**Your goal:**
Write out exactly the lines from the one that contains "for ASMR」の新色 「BLACK」も" down to the last line of the material below, keeping both ends and omitting pictures.

**The data:**
++++++++
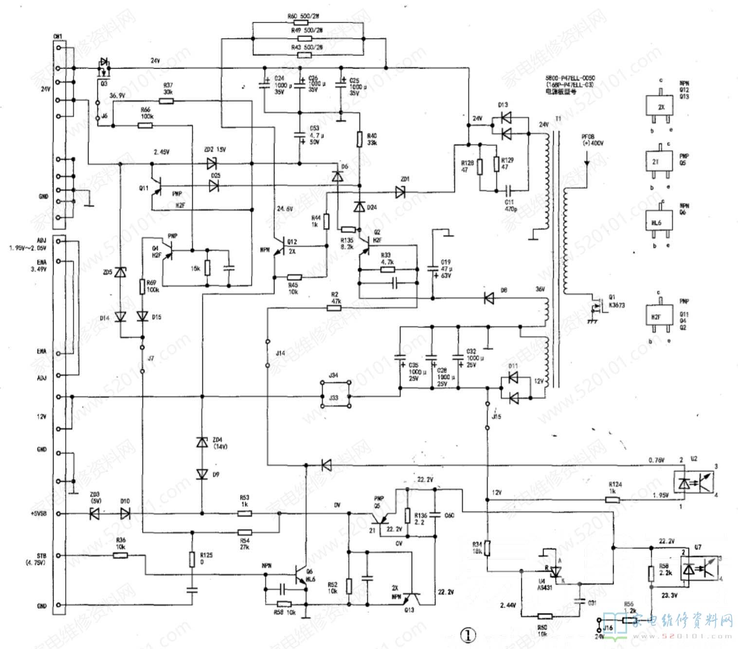 为了判别主板,屏等是否正常,决定先用一块正常的功率足够的有24V、12V、5V电源板替代。于是分别用粗电线焊接在24V、12V、5V端口上,通电试机,发现24V、12V一样会下降,但串接在220V电源上的1A交流电流表,未发现表针摆动,即无启动电流,正常串在220V交流电流表,整机有负载时交流电流上升到0.2A~0.5A。看来负载是很轻的,分析代替板电压下降,可能受原电源电路上元件影响造成的,决定断开有影响的J85、J33、J34、J12连线,及断开24V通断切换管Q3的S脚,通电再试,24V、12V 4V电压已稳定,指示红灯亮稳定,再按本机“电源“开机键,一会儿后1A交流电流表约有0.3A~0.4A指示,厂标字符的光栅出现,再插上AV信号,正常的图像及声音出现,看来该机的主板、屏等均是正常的,故障仅出在电源板上。从以上试机分析,电源板的故障应在电源的次级上。因无电路图,决定先实绘出开关电源次级电路,如图1所示。
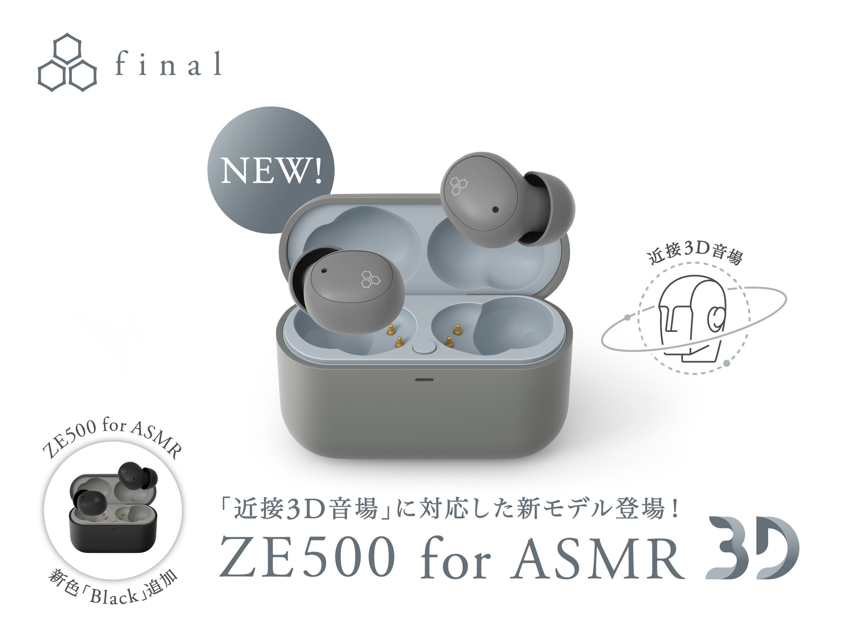 【Amazon.co.jp 限定】近接3D音場に対応したASMR専用ワイヤレスイヤホン「ZE500 for ASMR 3D」登場! さらに、「ZE500 for ASMR」の新色 「BLACK」も
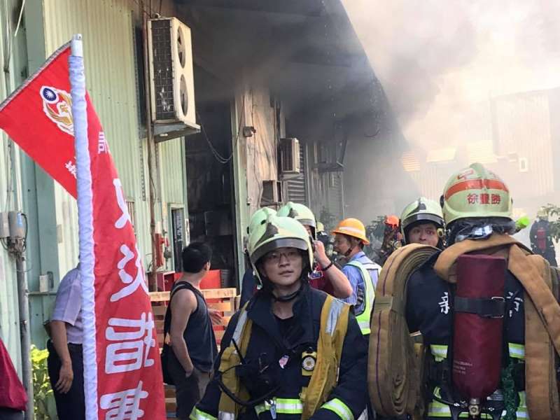 ▼中和區莒光路上一間連棟鐵皮工廠因為存放了許多易燃物品,後來演變成火災。消防員頂著火場的高溫,在高達9級的紫外線指數下,輪班打火5個多小時,終於將大火撲滅。現場沒有人員傷亡,詳細的起火原因還需要進一步調查。
++++++++
**Output:**
 【Amazon.co.jp 限定】近接3D音場に対応したASMR専用ワイヤレスイヤホン「ZE500 for ASMR 3D」登場! さらに、「ZE500 for ASMR」の新色 「BLACK」も
 ▼中和區莒光路上一間連棟鐵皮工廠因為存放了許多易燃物品,後來演變成火災。消防員頂著火場的高溫,在高達9級的紫外線指數下,輪班打火5個多小時,終於將大火撲滅。現場沒有人員傷亡,詳細的起火原因還需要進一步調查。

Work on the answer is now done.